The patch introduces changes in contribs - perlapi and torque/qstat,qalter perl scripts. I can share it with you before the review if you want to give it a try, knowing that it's not yet scheduled for release.

cheers,
Marcin
Comment 5 Troy Baer 2020-07-06 07:23:16 MDT
Thanks.  We are not yet in production with Slurm and in any case this isn't a critical bug, so I'm OK with waiting on QA.
Comment 8 Troy Baer 2020-07-23 12:15:10 MDT
Any updates on this?
Comment 9 Ole.H.Nielsen@fysik.dtu.dk 2020-09-09 04:08:31 MDT
We changed to Configless Slurm 20.02.4 yesterday, and now a number of users are complaining that the qstat command (from the slurm-torque RPM for CentOS 7) has stopped working, as was described by Troy.

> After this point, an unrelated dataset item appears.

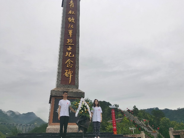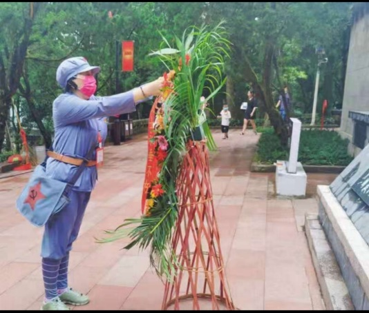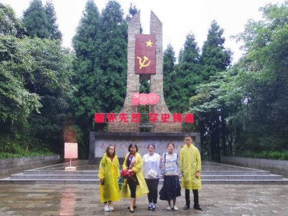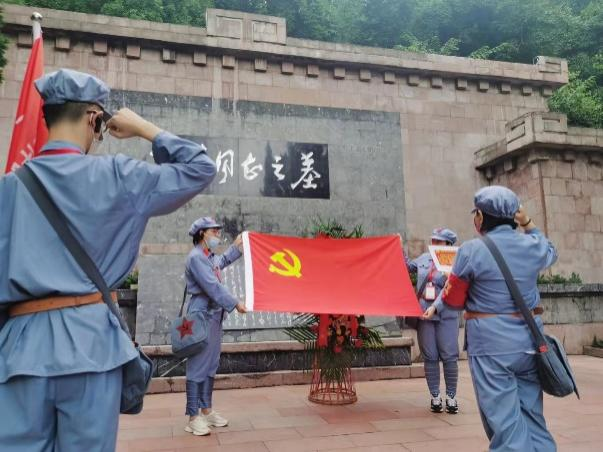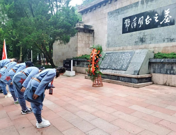 为继承红色基因、传承革命精神,团队成员走进坐落于遵义市凤凰山麓小龙山上的红军烈士陵园。在绵绵细雨中,走进陵园大门,沿317级青石阶而上,气势磅礴的“红军烈士纪念碑”映入眼帘,这座纪念碑是1984年为纪念遵义会议50周年而建造,正面是邓小平同志在那年11月2日题写的“红军烈士永垂不朽”八个大字。解放后,遵义人民在战场遗迹找到77位红军烈士坟墓,陆续将烈士遗骸迁至这里的陵园,纪念碑后方就是红三军团参谋长邓萍将军的陵墓,邓萍将军是红军长征中牺牲的唯一一位军团级将领。在敬献花篮后,葛翠柏走上前仔细郑重地整理挽联,全体成员鞠躬致敬并默哀以表缅怀之情,在场党员重温入党誓词。

We would appreciate it if Marcin's patch could be included in the upcoming 20.02.5 release!

Thanks,
Ole
Comment 10 Marcin Stolarek 2020-09-11 10:49:45 MDT
*** Bug 9804 has been marked as a duplicate of this bug. ***
Comment 11 Marcin Stolarek 2020-09-11 10:51:36 MDT
Ole,

Do you want to apply the patch locally - before QA completion?

cheers,
Marcin
Comment 12 Ole.H.Nielsen@fysik.dtu.dk 2020-09-11 11:41:20 MDT
(In reply to Marcin Stolarek from comment #11)
> Ole,
> 
> Do you want to apply the patch locally - before QA completion?

The easy workaround is to restore the /etc/slurm/ directory and thus avoid the Configless configuration for the time being.

To test the mentioned patch, how does one go about it?  

Thanks,
Ole
Comment 13 Trey Dockendorf 2020-09-11 11:44:42 MDT
OSC would be able to test any patches as we have test systems available we can utilize.
Comment 14 Marcin Stolarek 2020-09-11 13:10:30 MDT
Comment on attachment 14990 [details]
v2

Making the patch public. If you can run it and verify in your environment feedback is always appreciated.
As mentioned before, the patch didn't pass SchedMD QA and is not yet scheduled for release.

cheers,
Marcin
Comment 15 Troy Baer 2020-09-11 13:57:16 MDT
> As mentioned before, the patch didn't pass SchedMD QA and is not yet scheduled for release.

Can you elaborate on why the patch didn't pass QA?
Comment 16 Trey Dockendorf 2020-09-11 13:58:36 MDT
I applied the patch to our test environment and verified that past work arounds for config-less to work with Torque wrapper like qstat are not needed.  The first time I ran qstat there was a slight delay of about 3-4 seconds when only 1 job was in the queues, but subsequent executions seemed fine.
Comment 17 Ole.H.Nielsen@fysik.dtu.dk 2020-09-16 12:26:14 MDT
I tried to make our login nodes configless (bug 9832) and removed the /etc/slurm directory, but immediately I got user complaints that the qstat command is broken as reported above.  For some reason the users must use qstat in their automated scripts.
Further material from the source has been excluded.